- About this task: Every record below should be repeated exactly, with the pictures left out.

[[ Source data open ]]

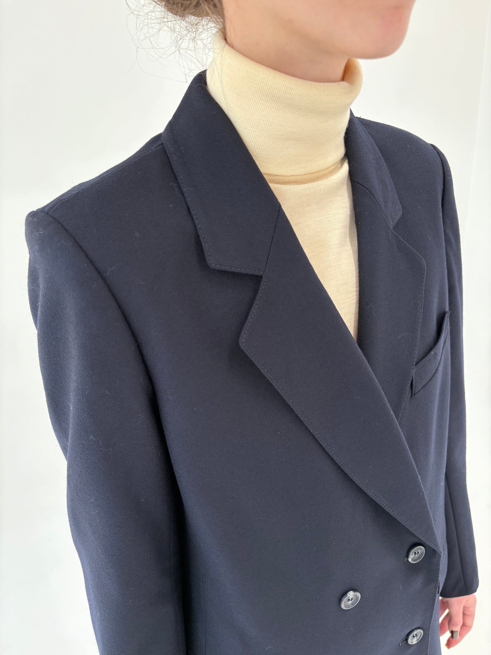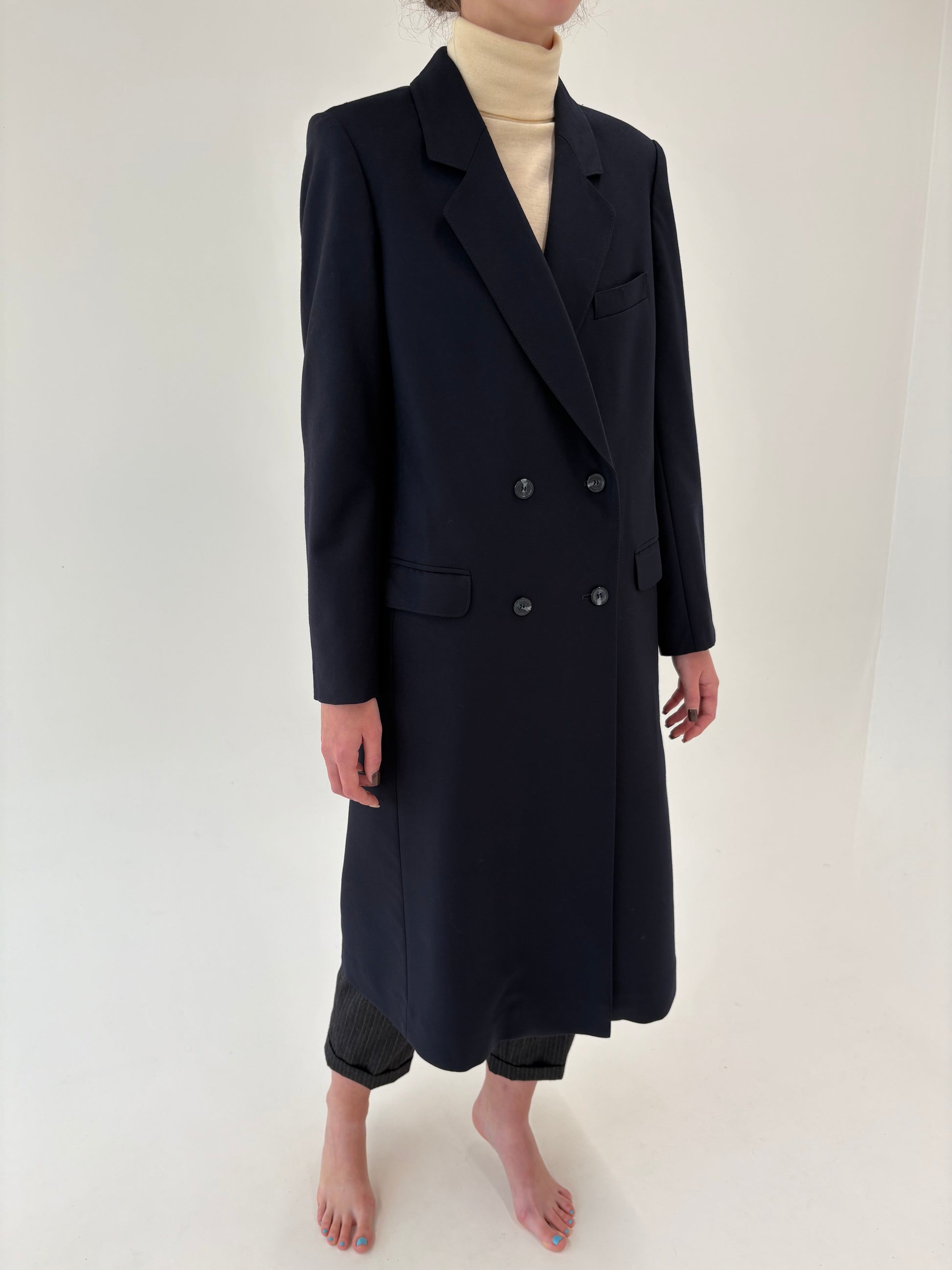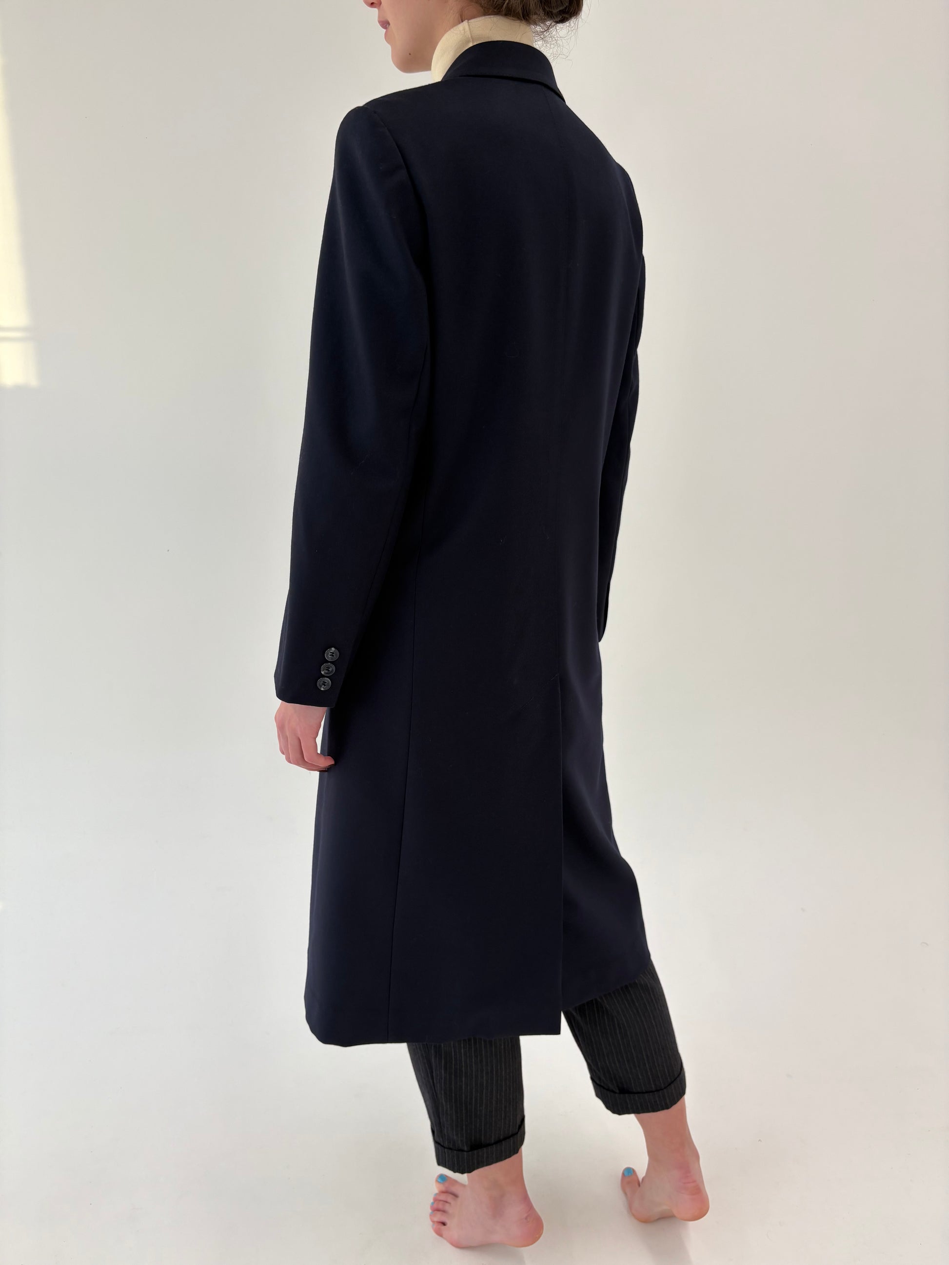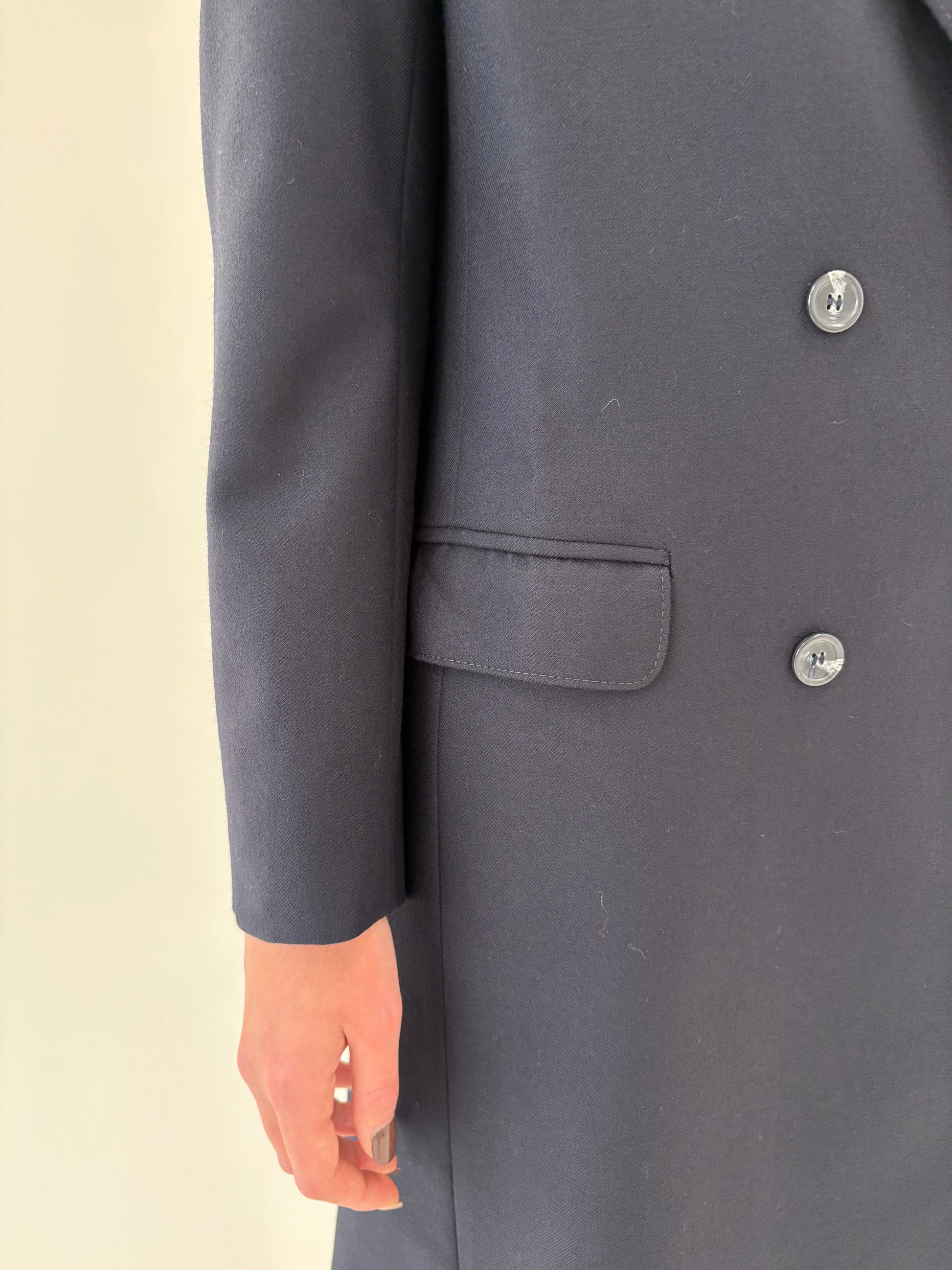 Palton din lana worsted certificata în croi lung cu închidere dublă
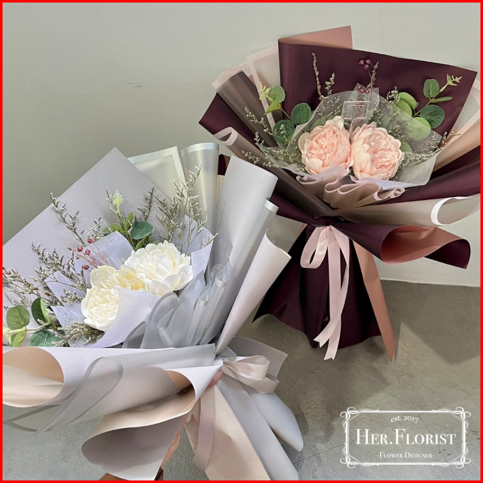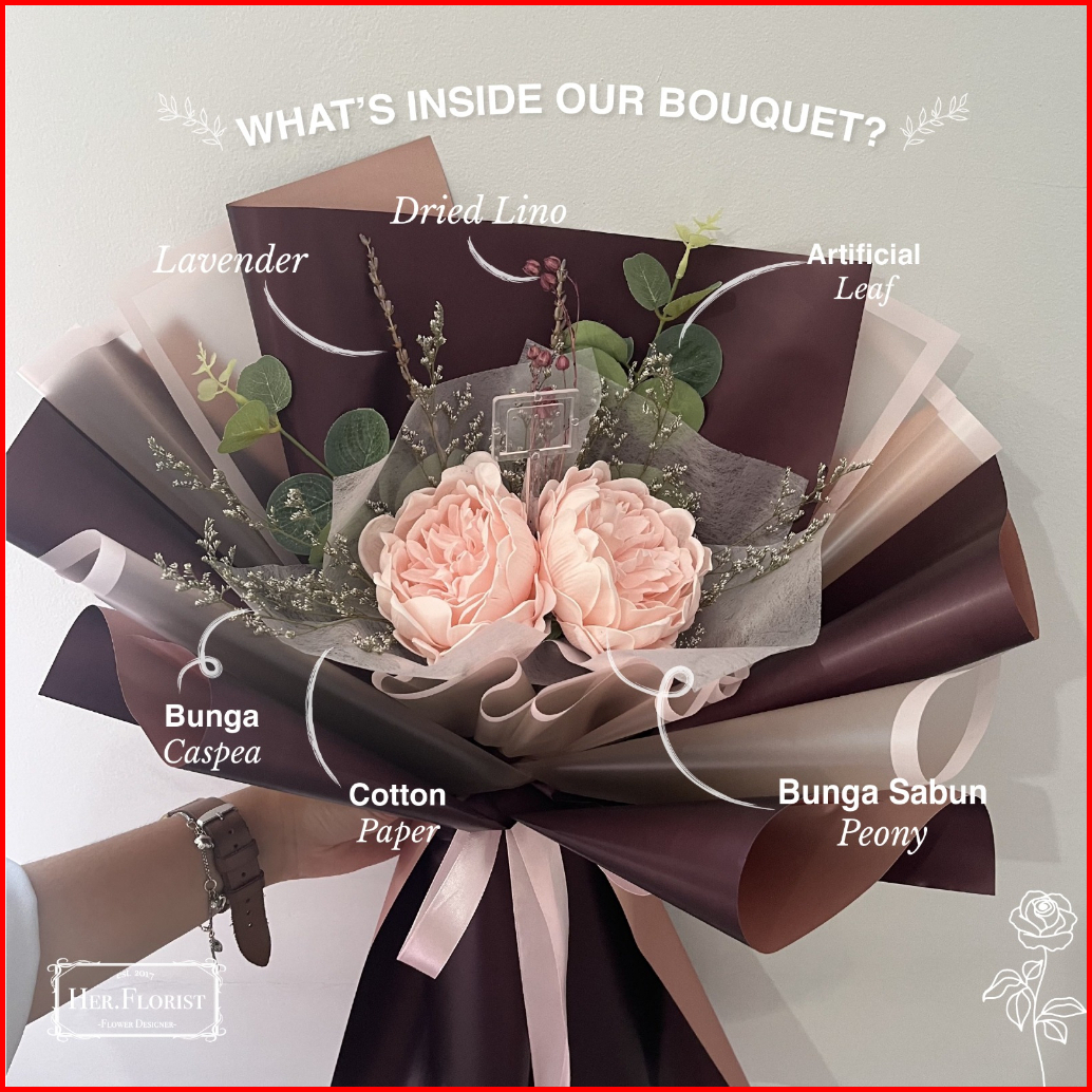 Her.florist Peony Double Soap And Dried Flower Bouquet Buket Bunga Sabun Peony Dan Bunga Kering
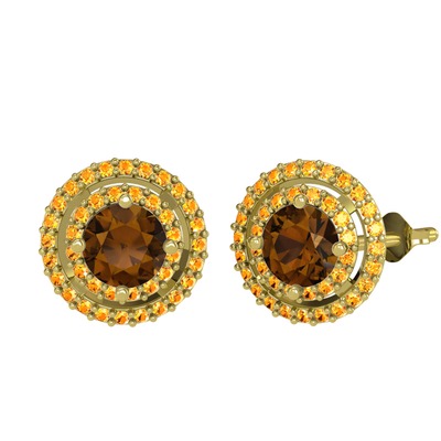 Dumanlı kuvars ve sitrin 14 ayar altın küpe
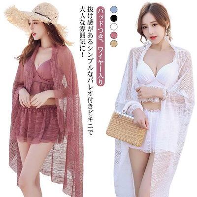 水着 レディース 3点セット ビキニ ショートパンツ パレオ付き フリル バッククロス 小胸 ワイヤー付き バスト 盛れる 体型カバー 露出控えめ お尻 太もも カバーアップ 女性 大人 代 30
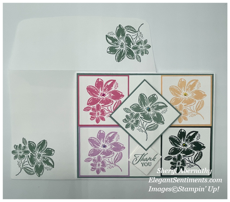 With this card, you are getting a SNEAK PEAK at the new IN COLORS, but also of a stamp and sentiment from the NEW Elegantly Said stamp set and the 2021-2023 In Color Jewels, all of which will be available when the new catalog is released on May 4th.
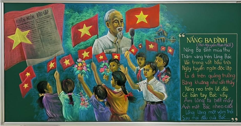 Hướng đến kỷ niệm 80 năm Cách mạng Tháng Tám và Quốc khánh 2/9, thầy giáo Nguyễn Trí Hạnh ở Nghệ An đã dùng phấn vẽ nên nhiều bức tranh đẹp mắt về Chủ tịch Hồ Chí Minh và các chiến sĩ cách mạng.

[[ Source data closed ]]

- Answer to the exercise:
 Palton din lana worsted certificata în croi lung cu închidere dublă
 Her.florist Peony Double Soap And Dried Flower Bouquet Buket Bunga Sabun Peony Dan Bunga Kering
 Dumanlı kuvars ve sitrin 14 ayar altın küpe
 水着 レディース 3点セット ビキニ ショートパンツ パレオ付き フリル バッククロス 小胸 ワイヤー付き バスト 盛れる 体型カバー 露出控えめ お尻 太もも カバーアップ 女性 大人 代 30
 With this card, you are getting a SNEAK PEAK at the new IN COLORS, but also of a stamp and sentiment from the NEW Elegantly Said stamp set and the 2021-2023 In Color Jewels, all of which will be available when the new catalog is released on May 4th.
 Hướng đến kỷ niệm 80 năm Cách mạng Tháng Tám và Quốc khánh 2/9, thầy giáo Nguyễn Trí Hạnh ở Nghệ An đã dùng phấn vẽ nên nhiều bức tranh đẹp mắt về Chủ tịch Hồ Chí Minh và các chiến sĩ cách mạng.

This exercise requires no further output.